Second, we forecast earnings (\({E}_{(i,t+\tau )}\)) (out-of-sample) for firm (i) in year (\(t+\tau \)) (see Eq. 2). We obtain the forecast by multiplying the independent variables for each firm (i) of year (t) with the coefficients (\(\alpha _0,\alpha _1,\alpha _2,\ldots ,\alpha _n\)) from the pooled regression from Eq. 1. The advantage of this approach is that there are no strict survivorship requirements as we require firms only to have sufficient accounting data for year (t) to forecast earnings.

$$\begin{aligned} \tilde{E}_{(i,t+\tau )}=\alpha _0+\alpha _1x1_{(i,t)}+\alpha _2x2_{(i,t)}+\cdots +\alpha _nxn_{(i,t)} . \end{aligned}$$
(2)

Consider the following example. Assume that 2010 is year (t) and we want to forecast earnings for 2011 (\(t+\tau \) with \(\tau =1\)). First, we run a pooled regression with the dependent variable data for the period 2001–2010 (from year \(t-9\) to year t) on the independent variables for the period 2000–2009 (from year (\(t-9-\tau \)) to year (\(t-\tau \) with \(\tau =1\)) and store the regression coefficients. Then, we multiply these coefficients (\(\alpha _0,\alpha _1,\alpha _2,\ldots ,\alpha _n\)) by the independent variables (x1, x2, ..., xn) from year 2010 (year = t) to estimate the earnings for 2011 (year \(t+\tau \) with \(\tau =1\)).

We forecast earnings in June of each year (t). We take care to avoid the use of data that was not publicly available at the estimation dates. To this end, we collect accounting data only for companies with a fiscal year end between April of year (\(t-1\)) to March of year (t). To mitigate the influence of outliers, we winsorize earnings and other level variables each year at the first and last percentile, as in Hou et al. (2012) and Li and Mohanram (2014).

When evaluating forecast bias, accuracy, and ERC, the researcher has to ensure that the definition of earnings forecasts and realized earnings are in line. More specifically, analysts typically forecast street earnings, which differ from earnings according to the Generally Accepted Accounting Principles (GAAP) in significant points (Bradshaw and Sloan 2002). To account for this difference, we compare analysts’ forecasts and the CM forecasts to realized street earnings. For the other models (HVZ, RI, EP, RW), we make the comparison based on realized income before extraordinary items, which is based on GAAP.Footnote 16 This distinction is also made in other papers (e.g., Hou et al. 2012).

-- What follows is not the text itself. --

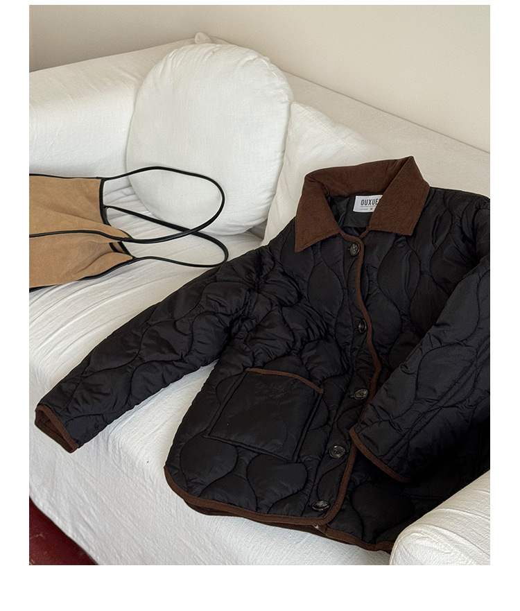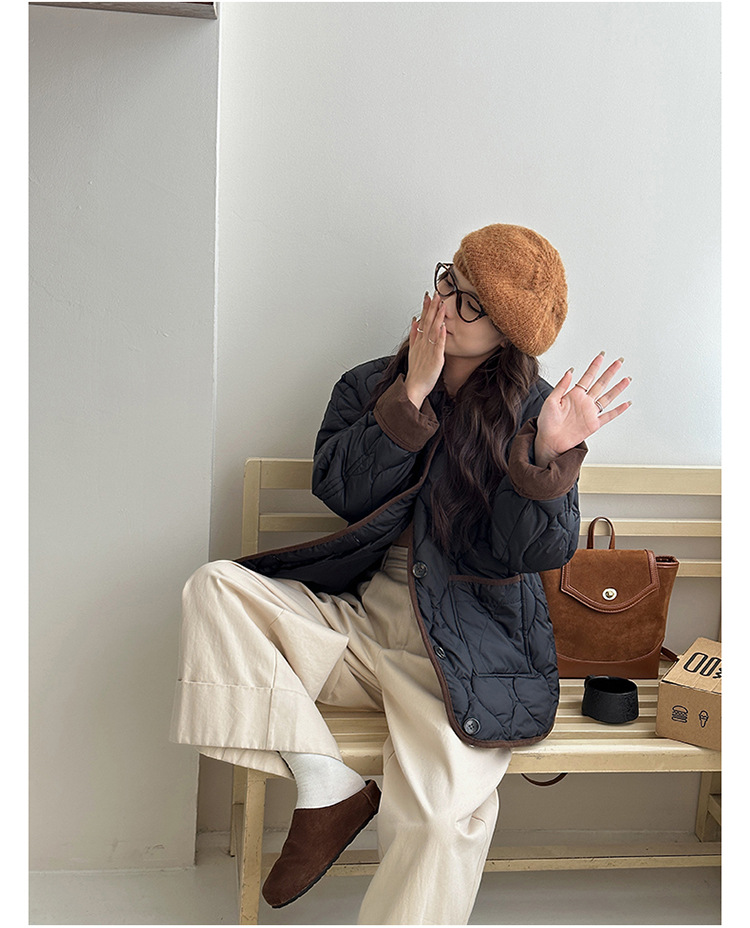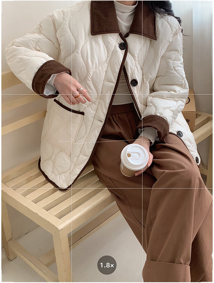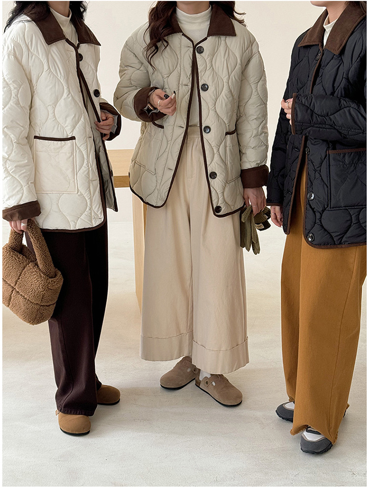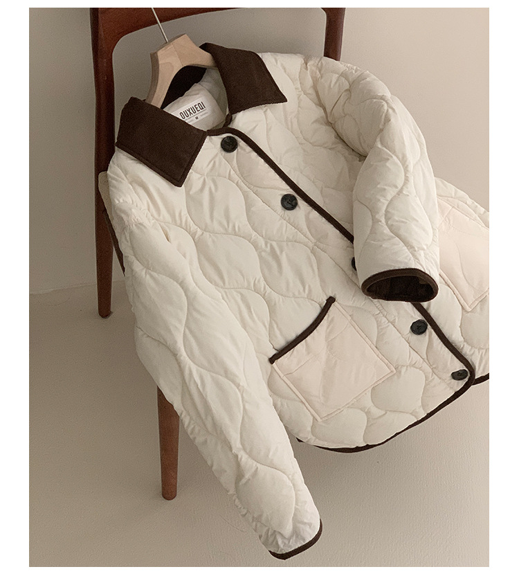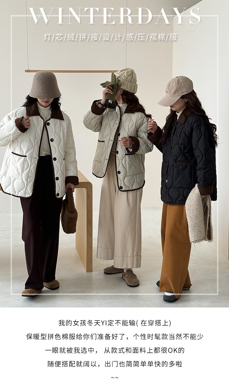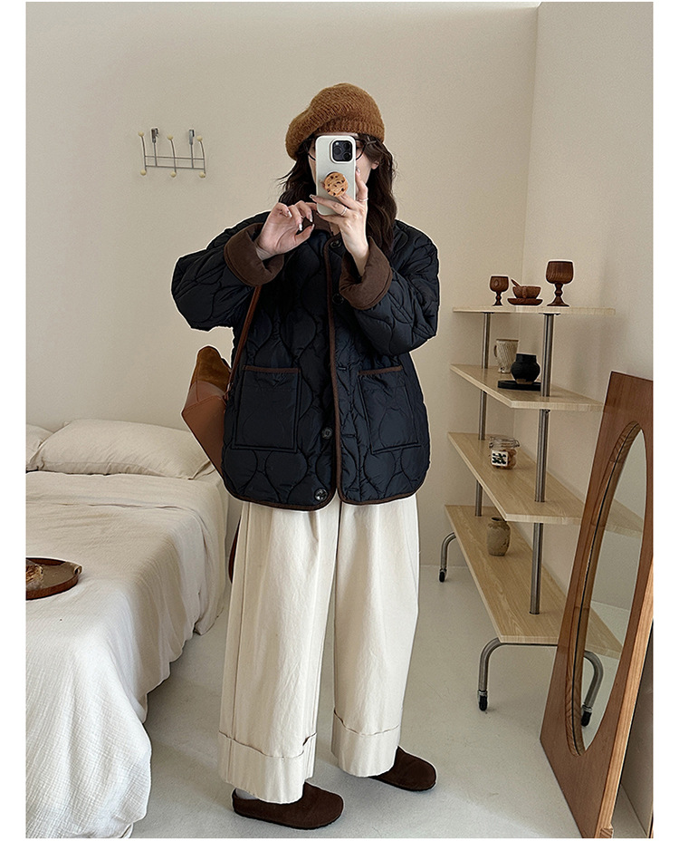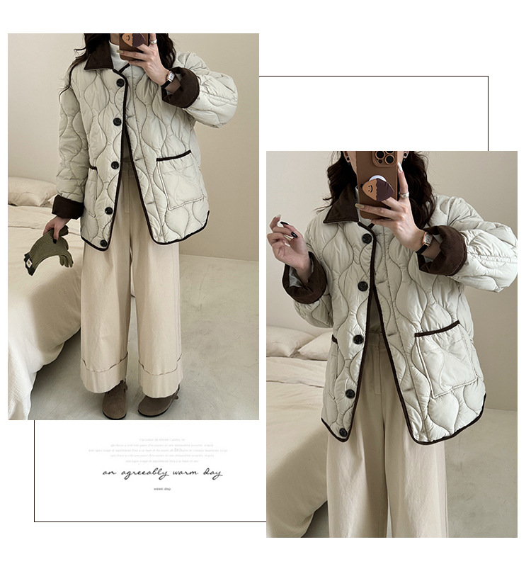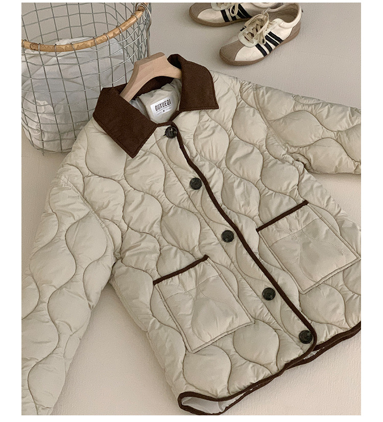 リアルショット 2024 Xiaoxiangfeng ショートダウンジャケット女性のコントラストカラーラペル菱形軽量ルーズコットンジャケット

Finally, note that when comparing models, we restrict the sample to firm-year observations for which analysts’ forecasts are available. This ensures that the basis for the forecast evaluation is fair across the tested models. For example, the coverage for models that do not use analysts’ forecasts is wider, but these additional firms tend to be firms with a poor information environment (Hou et al. 2012), for which earnings are more difficult to forecast. Including these firms in the forecast evaluation of cross-sectional models would bias the analysis in favor of models that use analysts’ forecasts. "Appendix 1" provides the details on the estimation of the HVZ, EP, and RI models.

2.2.1 Combined model

The CM aims to take advantage of the high accuracy of analysts’ forecasts, while incorporating the low bias of the cross-sectional models. To include analysts’ forecasts, we use the last available forecast from I/B/E/S. Our cross-sectional model is a parsimonious approach that includes gross profits and two variables related to past stock returns. Our use of gross profits is motivated by findings from Novy-Marx (2013), who shows that this variable explains most earnings related anomalies and a wide range of seemingly unrelated profitable trading strategies. We include two variables related to past stock returns because Ashton and Wang (2012) and Richardson et al. (2010) show that price changes drive earnings. The model is presented in Eq. 3:

$$\begin{aligned} E_{(i,t)}=\alpha _0+\alpha _1eIBES1_{(i,t-\tau )}+\alpha _2GP_{(i,t-\tau )}+\alpha _3r10_{(i,t-\tau )}+\alpha _4r122_{(i,t-\tau )}+\epsilon _{(i,t)}, \end{aligned}$$
(3)

(\(E_{(i,t)}\)) represents the street earnings of firm (i) in year (t), (\(eIBES1_{(i,t-\tau )}\) with \(\tau =1\) to 3) is the I/B/E/S one-year-ahead earnings forecast, (\(GP_{(i,t-\tau )}\)) is gross profits, (\(r10_{(i,t-\tau )}\))Footnote 17 is the change of market capitalization over the preceding month. (\(r122_{(i,t-\tau )}\))Footnote 18 is the change in market capitalization from \(t-12\) to \(t-2\) months.Footnote 19 As the regression is carried out at the dollar level, the I/B/E/S one-year-ahead earnings per share forecast, as well as the realized street earnings per share, are multiplied by the number of shares provided by I/B/E/S.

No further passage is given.